In times like this, pre-mortem analysis comes to the rescue. I have given quite a bit of thought to my action plan should markets decline >10 % as is evident from the response to first question in my pre-mortem analysis. In that article, I noted that any correction not induced by fed-action on increasing interest rates could represent a massive opportunity to get cash working again. As noted, my intention would be to beef up my portfolio with stocks of stable and growing companies that were trading at premium valuation before the correction.
True to my word, I went on a buying spree last week. My timing has not been impeccable (it never is). All stocks that I purchased in the last week were after two successive 3 % market drawdown days. And as it turns out, the market saw a further drawdown on 4 % on Thursday, Feb 27.

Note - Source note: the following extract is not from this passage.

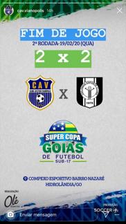 O Clube Atlético Vianópolis vence o forte time do Aparecidense pelo placar de 1 x 0, em jogo válido pela semifinal da Super Copa Goias Sub-17. Com gol do camisa 11 Breno CAV garantiu vaga na final do certame no próximo sábado. Parabéns a toda equipe. Estamos na torcida em busca da taça. Por Agda Maria.

Below is the summary of my stock purchase action for the last week:
For all the purchases above, I have not added any new money to my portfolio. Rather these purchases were made by reshuffling funds out of short-term bond ETFs held in my active portfolio as cash hedge. Should the markets continue to fall, I may consider adding outside funds to my active portfolio, always being a net buyer of assets as long as we continue to be in the correction/bear market territory.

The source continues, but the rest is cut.